It's for a kind of merry wake in honor of our late sister Maura and it's mighty, and better still I invite along my double, Professor Mark Feinstein from Boston and his wife Carol and, in so doing, inflict a subliminal scandal amongst the more conservative members of the older family in relation to our poor father Sandy. More of that later.

We held the wake in Mahon's Hotel in Irvinestown. If you are ever in Irvinestown drop into Mahon's. It is an old family hotel with a huge heart, great barmen, and the kind of spirit which sees a smile on the face of all the staff at all times. That's getting rarer every day.

We did not tell them it was a wake we were having. We told them it was a family celebration.

And that's what it was. They roomed us well and fed us well and the bar was lively. And the music and song went on until three or four in the morning. Maura would have loved it.

Her nurses and carers were there. Small Michelle, who became like a daughter, came all the way from England. And there were friends from Clare and Cork and Dublin and Kerry and Scotland.

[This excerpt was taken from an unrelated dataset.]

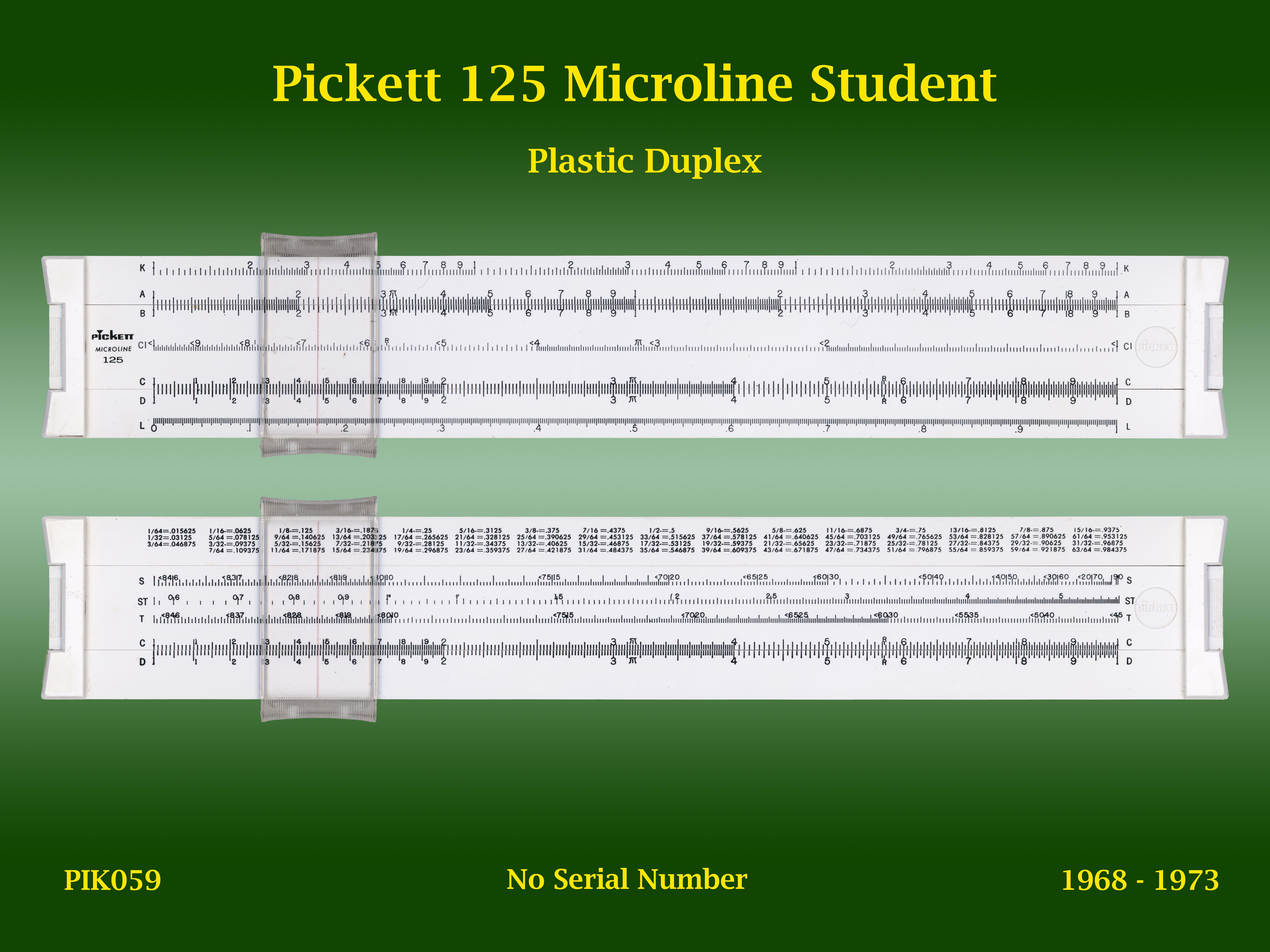 | PIK059 | Linear | 125-T | Microline Student | | n/a | Pickett | USA | | Plastic | "10" | 1968-1973 | C4 |

And Cathal and Mickie were in rare good form, leading about 20 musicians and singers into the wee small hours. And we had our own priest, Father Dinny Bannon, to lend gravitas and holiness to the occasion (still important in Ireland) and the great fiddling priest Father Seamus Quinn and the showband priest, neighbor Brian D'Arcy on hand as well.

And plenty of food and drink. What more could you ask for?

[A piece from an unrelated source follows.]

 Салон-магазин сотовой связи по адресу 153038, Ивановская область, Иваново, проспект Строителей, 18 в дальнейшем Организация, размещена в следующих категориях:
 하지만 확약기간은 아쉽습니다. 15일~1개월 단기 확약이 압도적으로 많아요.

But the scandal was created amongst the older ranks of the family by the appearance of my double Mark Feinstein. He was specially invited for that kind of devilment maybe!

We are so alike, he and I, that when he went into the function room first he was kissed and hugged by 50 family women of all ages, calling him Cormac! Then they heard his American accent and he explained the situation.

And then there was a considering kind of silence. And, reading the faces of the elders all day, I knew well that questions were being asked about Sandy's whereabouts all his younger life.

Didn't Sandy go to America one time when he was young to collect a small legacy? He did for sure. It was delicious to read the faces. (Mark is of Russian descent, not a drop of Irish blood!)

We broke up serenely the next day and went our various directions. There's peace in the North nowadays and it's palpable and deep-rooted by now.

The village of Kesh is of a Protestant character, and the villagers had their Orange Arches and Union Jacks and buntings already up in preparation for the marching season. I never thought I'd feel so relaxed driving under an Orange Arch.

Lunch in Bundoran on the long way home, a great wake. A mighty meander altogether.

And tonight, slightly in the line of duty, because I'm writing about Clare's country pubs nowadays for one outlet, I'm going to the Blacksticks out near O'Callaghan's Mills. This is one of the great music-and-song pubs, and there is a Denis Donnellan amongst the regulars, as good a humorous songsmith as you are ever likely to meet.

And, sometime tomorrow evening, the Dutch Nation and myself will sally south to Waterford, to the town of Dungarvan, to spend a night there and pick up a replacement retriever bitch pup for the late lamented Silke. The Dutch Nation is as excited as a child about that.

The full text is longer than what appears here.